Non à la politique du bouc-émissaire

Le syndicat Unia est soulagé du non clair à l'initiative Ecopop. Les votant-e-s ont rejeté la politique du bouc émissaire visant à rendre responsable les personnes sans passeport Suisse de tous nos problèmes. De nouvelles discriminations doivent maintenant être évitées dans le cadre de la mise en oeuvre de l'initiative sur l'immigration de masse. La libre circulation des personnes doit être préservée et, avant toute chose, les conditions de travail mieux protégées.

Une large campagne couronnée de succès

Le syndicat Unia s’est activement engagé contre Ecopop au sein du comité pour une Suisse solidaire. Il se réjouit que la campagne large et multicolore ait été couronnée de succès et ait conduit à une majorité de non. En effet, une acceptation aurait eu pour conséquences une rupture avec l'UE, la disparition de places de travail ainsi qu'une augmentation des conditions de travail précaires.

Les salarié-e-s doivent être mieux protégé-e-s

Après le non à Ecopop Unia s'opposera, dans le cadre de la mise en oeuvre de l'initiative sur l'immigration de masse, à de nouvelles mesures discriminatoires envers le migrant-e-s.
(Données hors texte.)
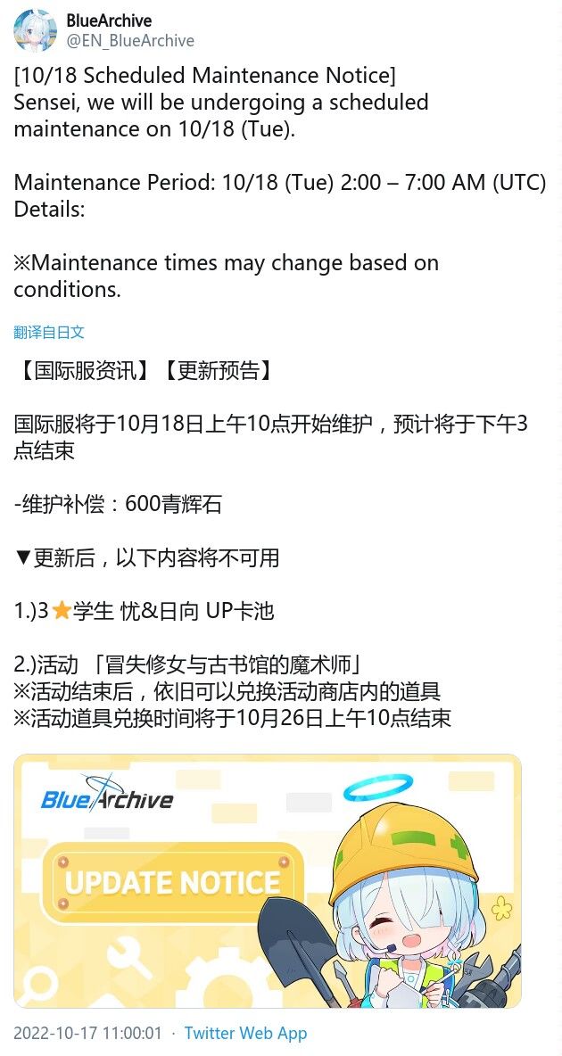 国际服将于10月18日上午10点开始维护,预计将于下午3点结束 -维护补偿:600青辉石 ▼更新后,以下内容将不可用 1.)3⭐学生 忧&日向 UP卡池 2.)活动 「冒失修女与古书馆的魔术师」 ※活动结束后,依旧可以兑换活动商店内的道具 ※活动道具兑换时间将于10月26日上午10点结束
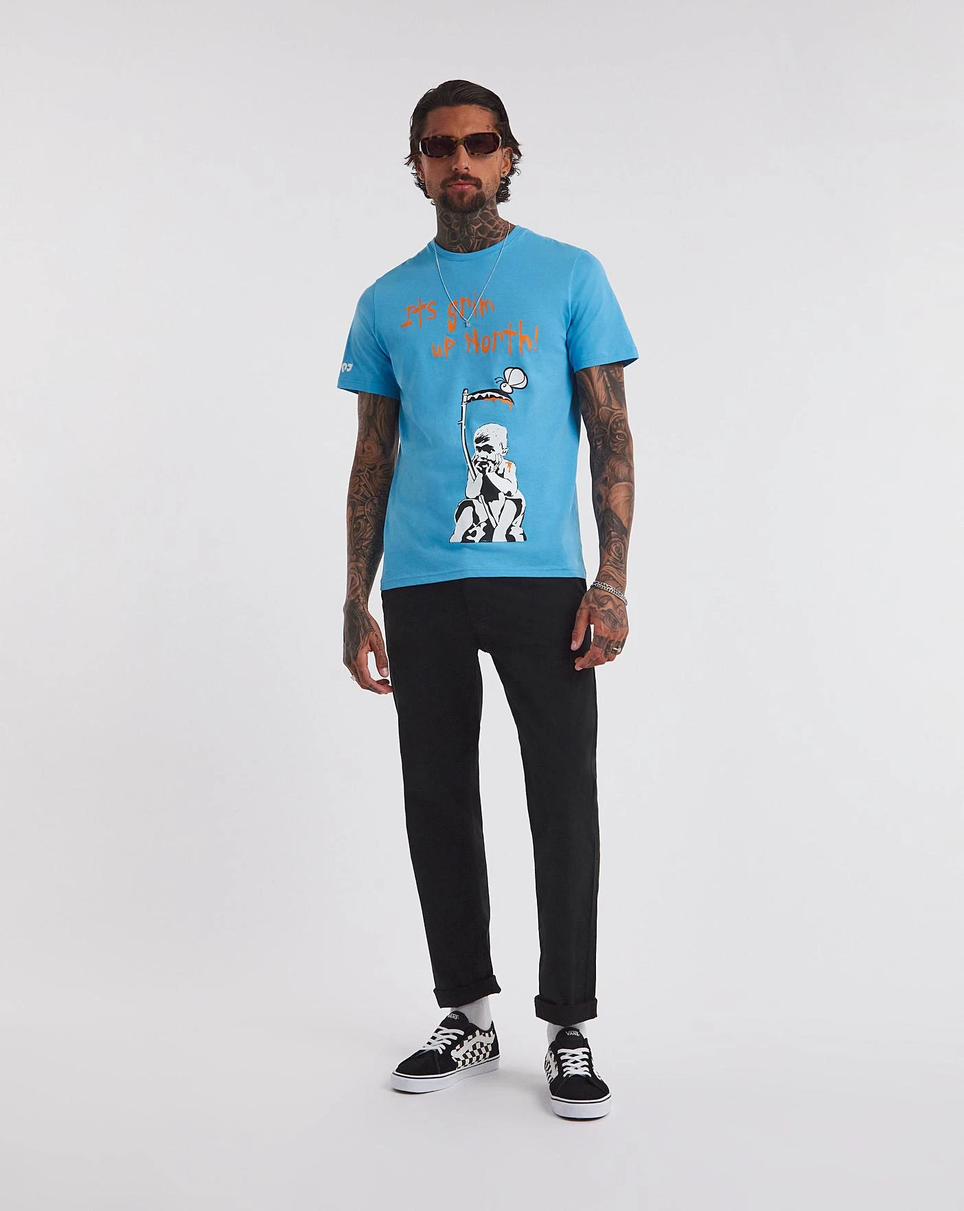 This It’s Grim Up North Graphic T-shirt long in light blue is fresh and new for the season. A new collab with Mr Eggs, the graphic creates a stylish element to any outfit. Made up of cotton, this t-shirt is comfortable and an easy wear for any smart casual occasion.
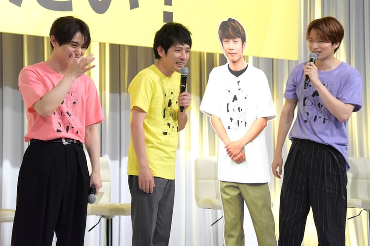 今年の「24時間テレビ」のメインパーソナリティを務めるのは、昨年4月にスタートしたYouTubeチャンネル「ジャにのちゃんねる」のメンバーである二宮、中丸雄一(KAT-TUN)、山田、菊池。新型コロナウイルスに感染した中丸を除く3人は、チャリティランナーの兼近大樹(EXIT)、24時間テレビサポーターの徳光和夫、総合司会の羽鳥慎一と水卜麻美(日本テレビアナウンサー)とともに“チャリTシャツ”を着て会見に出席し、トークセッションを繰り広げた。
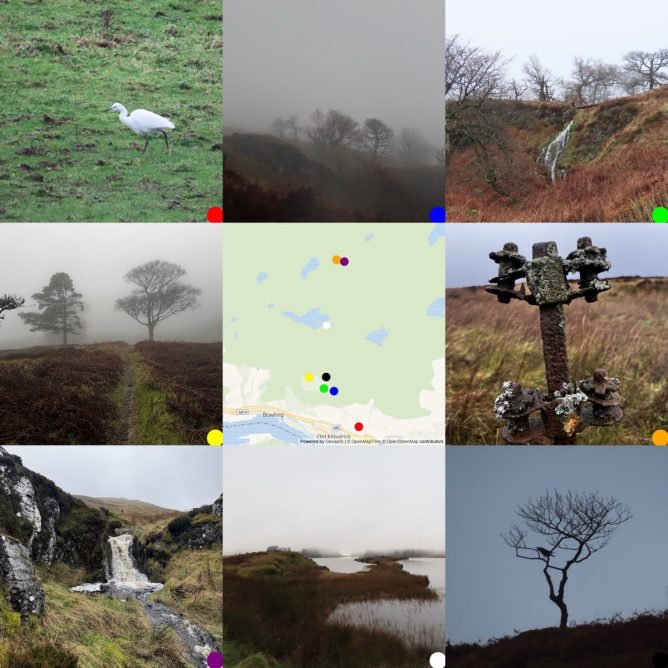 A walk to Duncolm via Loch Humphrey & Fynloch hill in the mist & drizzle today. Very mild for the time of year. The burns are full and the paths are bogs. Some photos on a map:

Unia soutient une Suisse ouverte, des relations réglées avec l'UE et la libre circulation des personnes en tant que droit fondamental des salarié-e-s.

Mais cela ne peut fonctionner que si les conditions de travail en Suisse et les salaires sont garantis et que les salarié-e-s sont mieux protégé-e-s contre les licenciements. Pour cela, les mesures d'accompagnement doivent être renforcées et les protections développées par le biais des conventions collectives de travail.